"Betrachte Situationen von allen Seiten und Du wirst offener". Das ist ein Zitat des Dalai Lama, Friedensnobelpreisträger und religiöses Oberhaupt der Tibeter. An sich ziemlich harmlos, sollte man meinen.
Daimler hat den Spruch in dieser Woche im sozialen Netzwerk Instagram zusammen mit einem Foto eines Mercedes benutzt, den Post wenig später aber wieder gelöscht, weil er von chinesischer Seite scharf kritisiert wurde.
Die kommunistische Führung in Peking wirft dem Dalai Lama vor, die Unabhängigkeit Tibets zu verfolgen und China spalten zu wollen. Er gilt dort als Staatsfeind. Seit 1959 lebt der Dalai Lama deshalb im indischen Exil.
Nur am Rande sei erwähnt, dass Instagram in China wegen der scharfen Internetzensur geblockt ist.
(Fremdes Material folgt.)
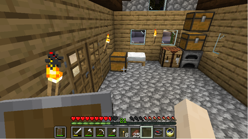 crash png shows the crash after the game freeze, bug.png shows the awake position that it freezes to and bed.orientation.png taken from the chest seen in bug.png shows what way the bed faces for reference where the 'leave bed' screen should be seen as in towards the crafting table but when you away it locks and freezes facing to the side of the bed you'd get out on/away from the wall.
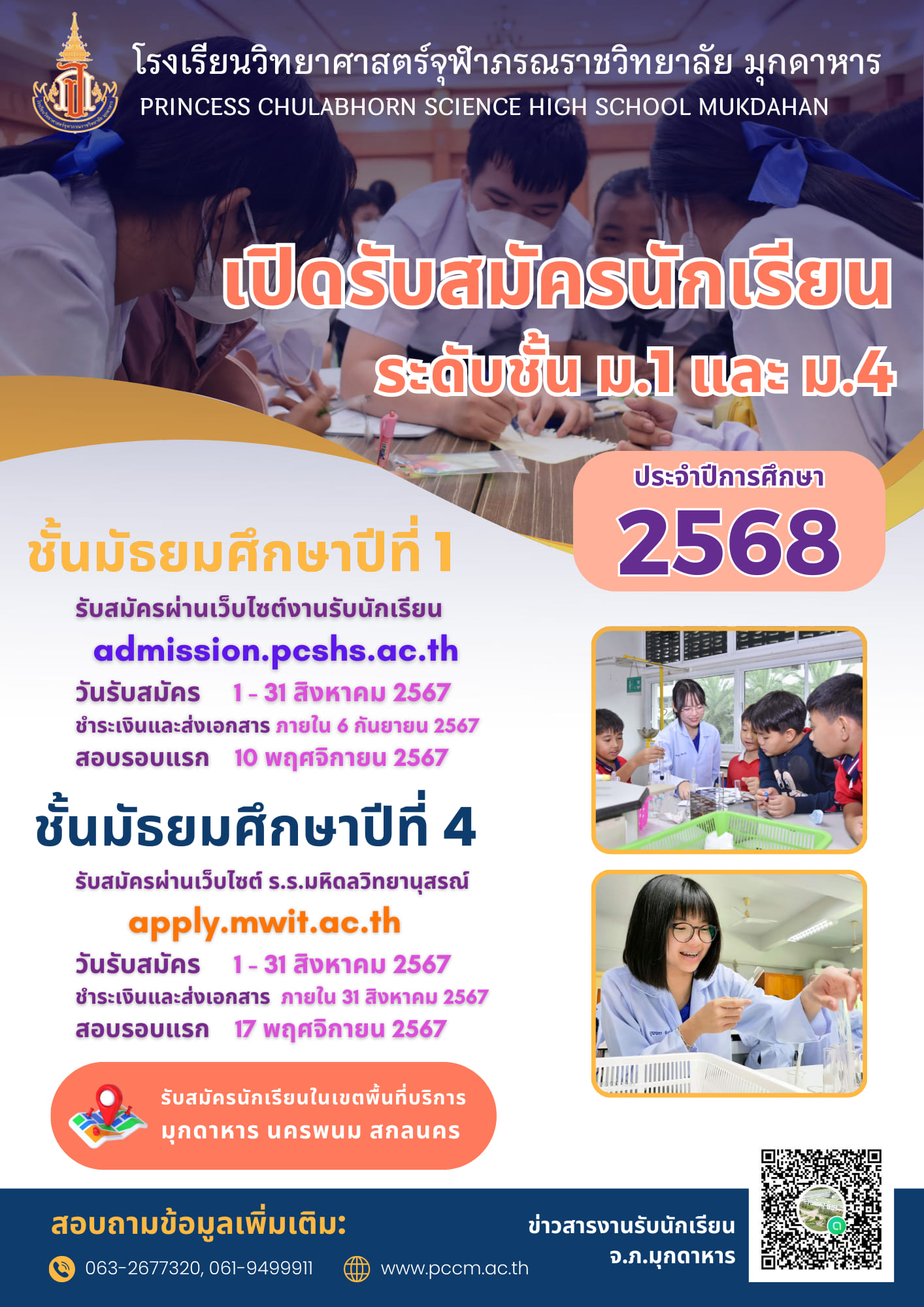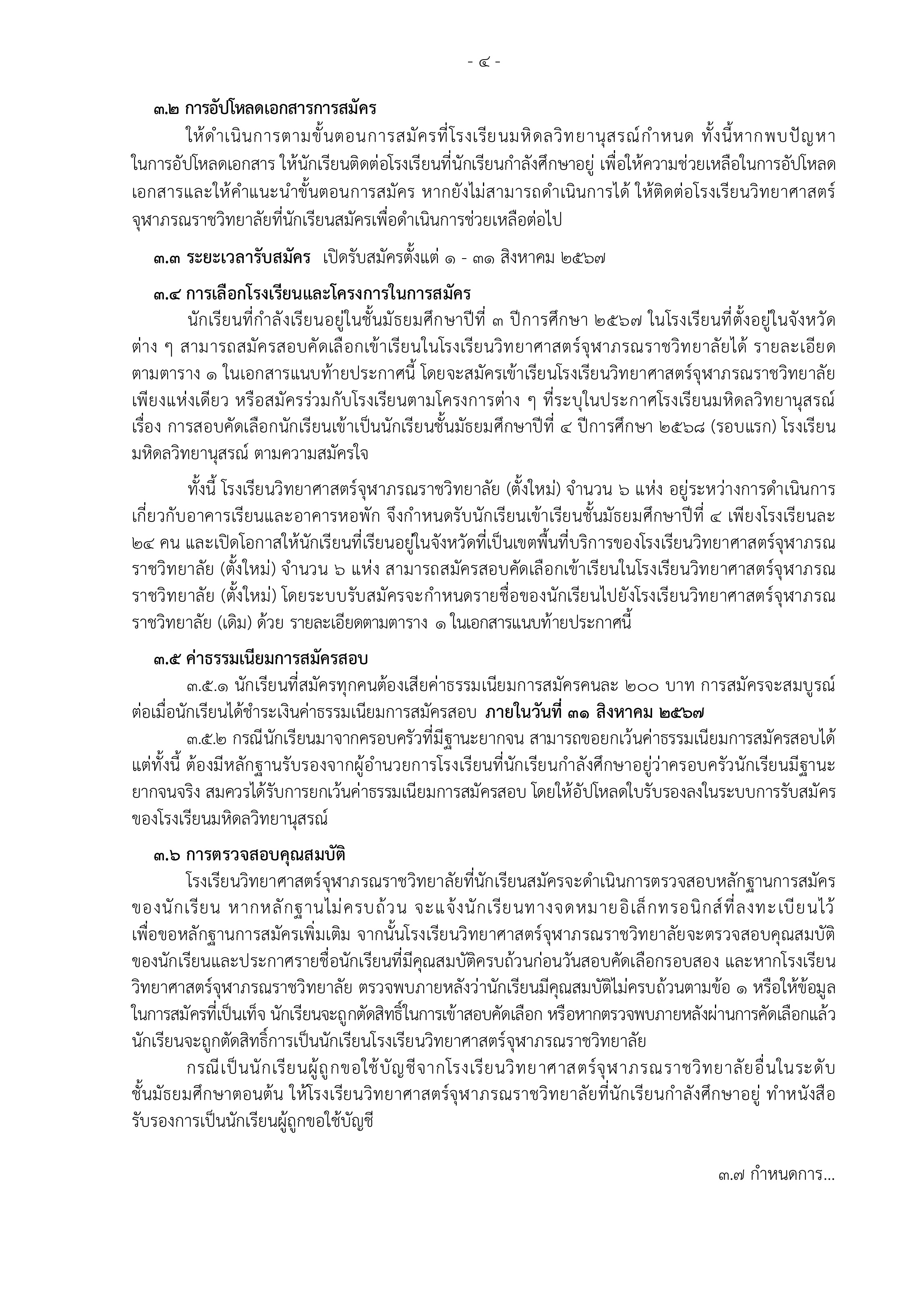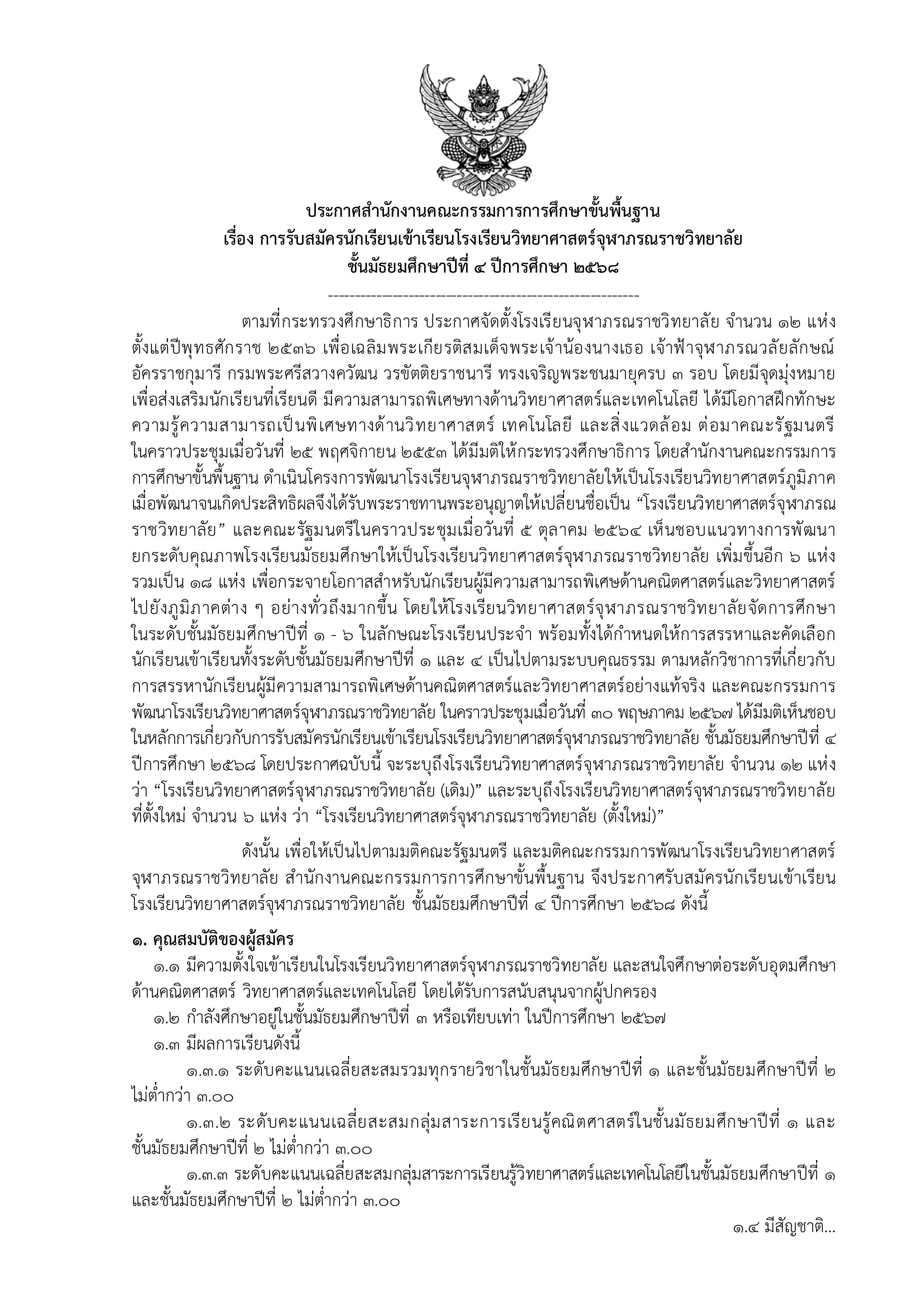 ประกาศรับสมัครนักเรียนเข้าเรียน โรงเรียนวิทยาศาสตร์จุฬาภรณราชวิทยาลัย ชั้นมัธยมศึกษาปีที่ 4 ปีการศึกษา 2568

Nur sehr wenige Internetnutzer dürften den Post also überhaupt zu Gesicht bekommen haben.
Trotzdem wurde am Donnerstag bekannt, dass Daimler sich angeblich auch in einem Brief an den chinesischen Botschafter in Deutschland für die Verwendung des Zitats entschuldigt hat. Der Konzern bestätigte die Existenz des Briefes, machte aber keine Angaben zu dessen Inhalt.
Laut der staatlichen chinesischen Nachrichtenagentur Xinhua heißt es in dem Brief unter anderem, Daimler habe nicht die Absicht gehabt, Chinas Souveränität oder territoriale Integrität in Frage zu stellen. Man bedauere den Fehler, der die Menschen in China verletzt habe.
In Deutschland wird Daimlers Vorgehen seither kritisiert. Michael Bran, der menschenrechtspolitische Sprecher der CDU/CSU-Bundestagsfraktion, sagte: "Wenn Rückgratlosigkeit ausgezeichnet werden würde, dann hätten die Mercedes-Manager den ersten Preis für ihr peinliches Verhalten verdient. Der Konzern sollte sich nicht bei der chinesischen Regierung entschuldigen, sondern schleunigst beim Dalai Lama und den Tibetern."
Auch die Menschenrechtsorganisation International Campaign for Tibet bezeichnete die Entschuldigung in einer Mitteilung als einen "beschämenden Kotau vor der Diktatur".